By Nii Otokunor Quarcoopome, curator of African art and head of the department of Africa, Oceania, and Indigenous Americas at the Detroit Institute of Arts.
Introduction
The exhibition, Through African Eyes: The European in African Art, 1500 through the Present, examines the five-hundred-year interchanges between African cultures and European outsiders. The show reveals how African artists have documented their societies’ evolving notions about, and shifting attitudes toward, the “Exotic White Stranger.” By emphasizing the opinions of Africans living on the continent, the exhibition casts the European as the cultural “other” and reverses longstanding Eurocentric perspectives that have dominated the discourse about the ongoing dialogue between Africa and the West.
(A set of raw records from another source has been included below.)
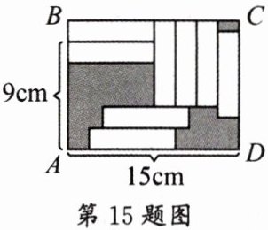 53 【解析】设小长方形宽为$xcm$,长为$ycm$,则有$BC = 4x + y = 15$,$CD = 2x + y$,$AB = 9 + x$,因为$AB = CD$,所以$2x + y = 9 + x$,即$x + y = 9$,$\left\{\begin{array}{l} 4x + y = 15,\\ x + y = 9,\end{array}\right.$解得$\left\{\begin{array}{l} x = 2,\\ y = 7,\end{array}\right.$故小长方形的长和宽分别是$7cm$和$2cm$。因为长方形$ABCD$面积为$15×11 = 165(cm^{2})$,每个小长方形的面积为$2×7 = 14(cm^{2})$,故$S_{阴影}=S_{大长方形ABCD}-8×S_{小长方形}=165 - 8×14 = 53(cm^{2})$。
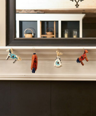 This ornament is inspired by items of Native American life that were once active on the Great Plains. Corn is more than just food; it is a symbol of life itself and prayer itself. The felt material makes it a great interior decoration.
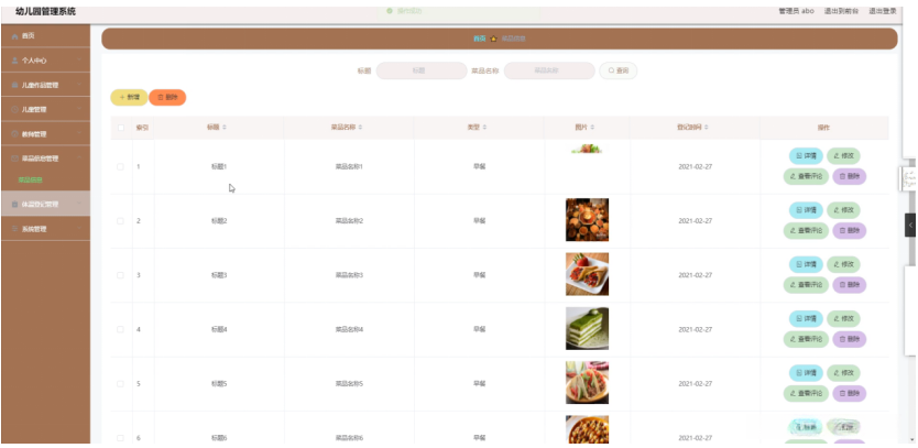 管理员登录进入幼儿园管理系统可以查看首页、个人中心、儿童作品管理、儿童管理、教师管理、菜品信息管理、体温登记管理、系统管理等信息,如图5-7所示。
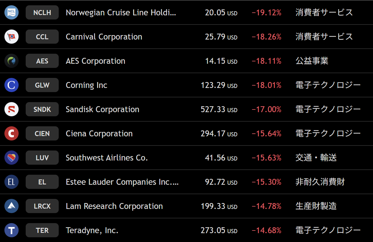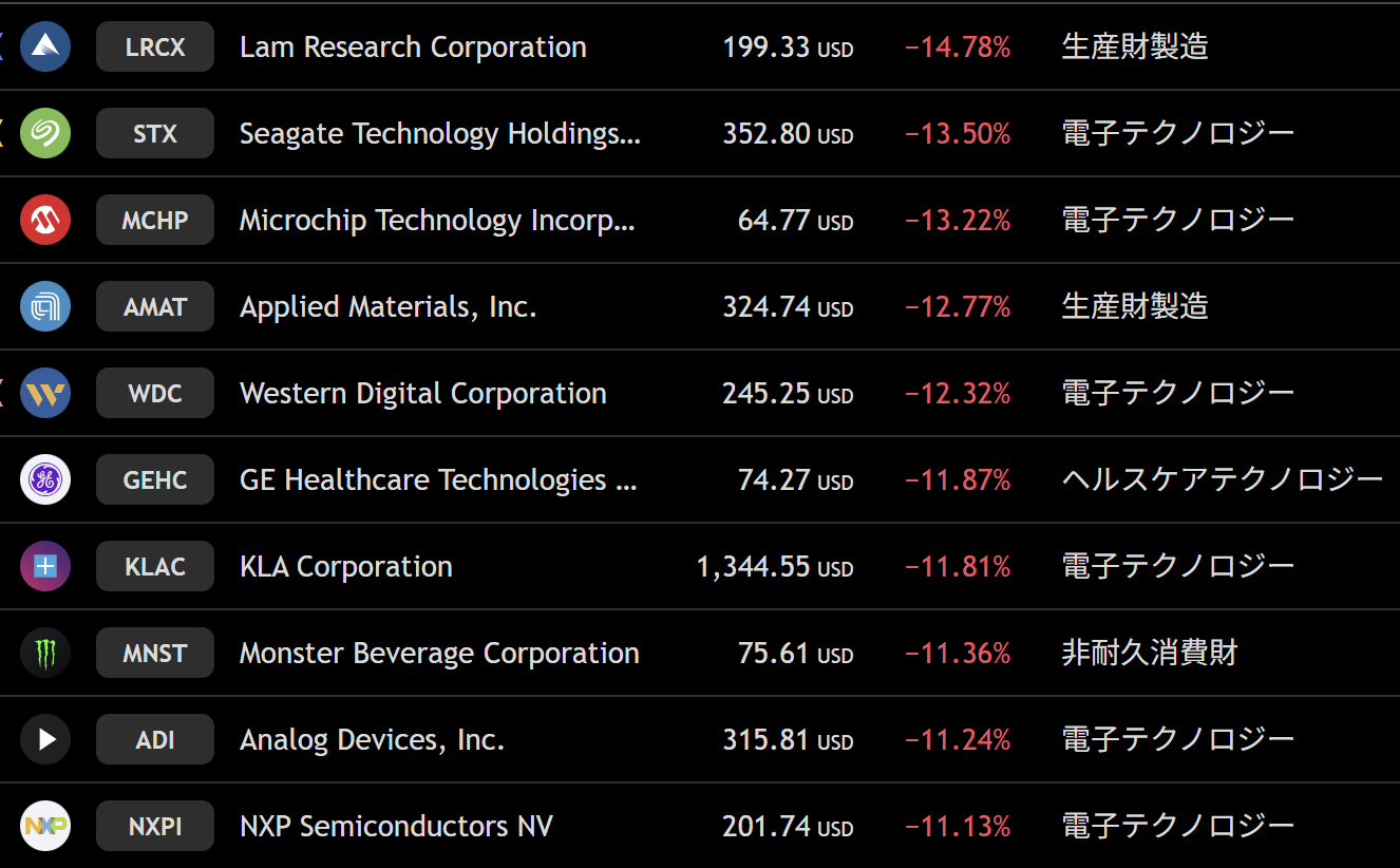 ナスダック 週間下落ランキングトップ10
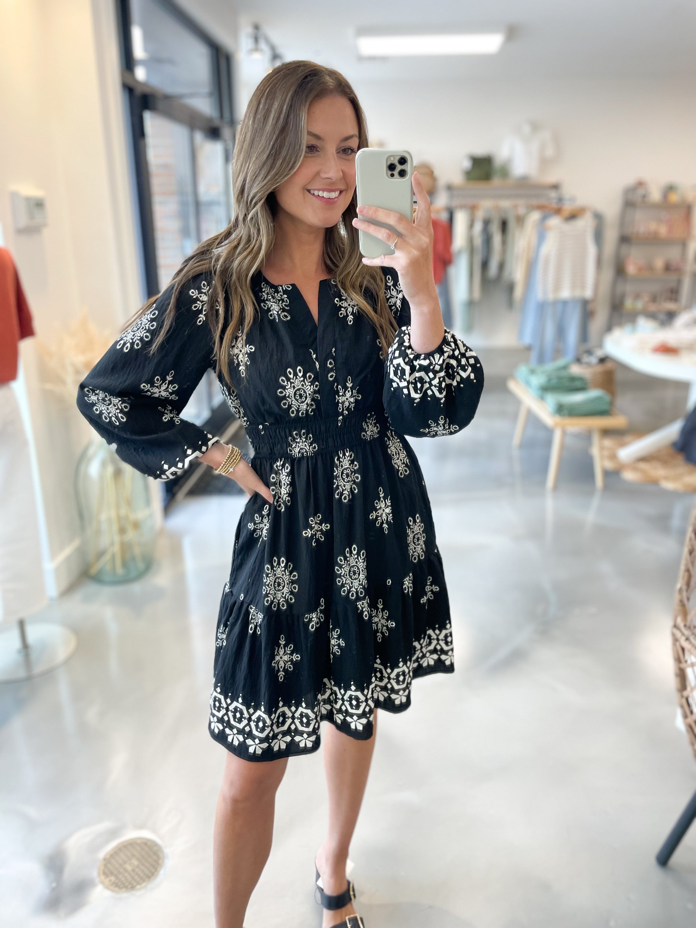 A polished floral moment, this black midi dress is made for effortless wear from season to season. It features a timeless white floral print, long puff sleeves, a notch neckline, and an elastic waist for a flattering fit. Finished with a tiered skirt for added flow, it’s the perfect dress to take you from the office to after-hours plans.
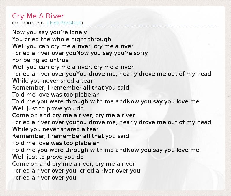 Come on and cry me a river, cry me a river
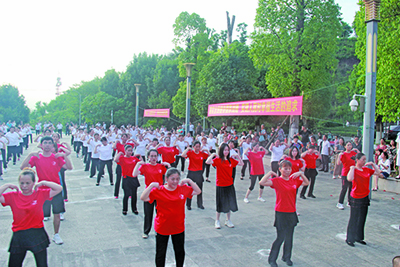 为认真贯彻落实习近平新时代中国特色社会主义思想和习近平总书记关于体育工作重要论述精神,落实全民健身国家战略,倡导文明健康生活方式,扩大“全民健身日”的知晓度和社区居民的参与率,促进全民健身与全民健康深度融合,展示新时代蓬勃发展的全民健身事业,向新中国成立70周年献礼,8月7日,在我市全民健身日到来之际,两江新区礼嘉街道白马社区举办了“全民健身·你我同行”全民健身日活动。当日傍晚,300多名居民欢聚在社区文化活动中心广场,一起跳起精心组织编排的舞蹈,乐享全民健身带来的快乐。在该社区开展“青春社区行”暑期社会实践活动的20多名大学生也参加了本次活动。
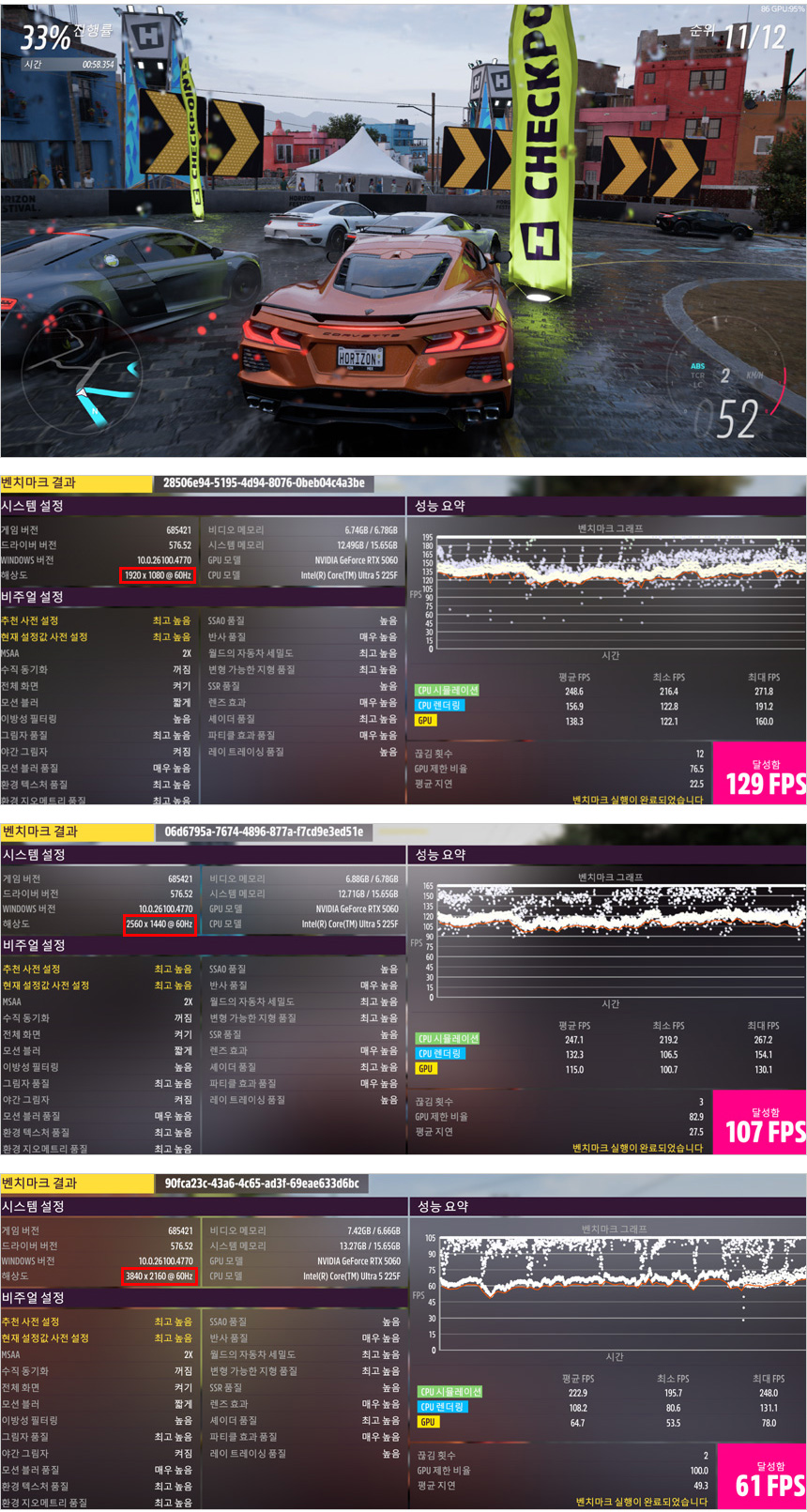 포르자 호라이즌 5 벤치마크를 최고 높음으로 실행한 모습으로 4K 의 경우 약간 벅찬 느낌인데 반해 QHD 에서는 100프레임을 념겨 부드럽게 게임을 즐길 수 있다.
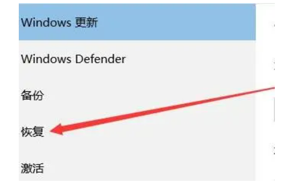4、進入“更新與安全”設置窗口后,再點擊左側的恢復。

Some of these African ideas will likely contradict certain long-held impressions about the relationship.
The cultures residing along the Atlantic coasts of West and Central Africa first encountered modern white Europeans in the fifteenth century, when Portuguese merchants arrived to initiate a sea-based trade network. Soon, other European entities joined this commercial activity. Besides reorienting many African economies, this European trade brought enormous financial gains to African leaders, which played out in vibrant art production. Although some past exhibitions have addressed aspects of African-European relations, Through African Eyes by far represents the most exhaustive treatment. It provides riveting visual commentaries on various phases in the broad history of this intercultural dialogue—from early commercial relations to the settlement of Europeans in Africa, to the tensions arising from Europe’s colonial domination, and then to the recent post-independence interactions with the West.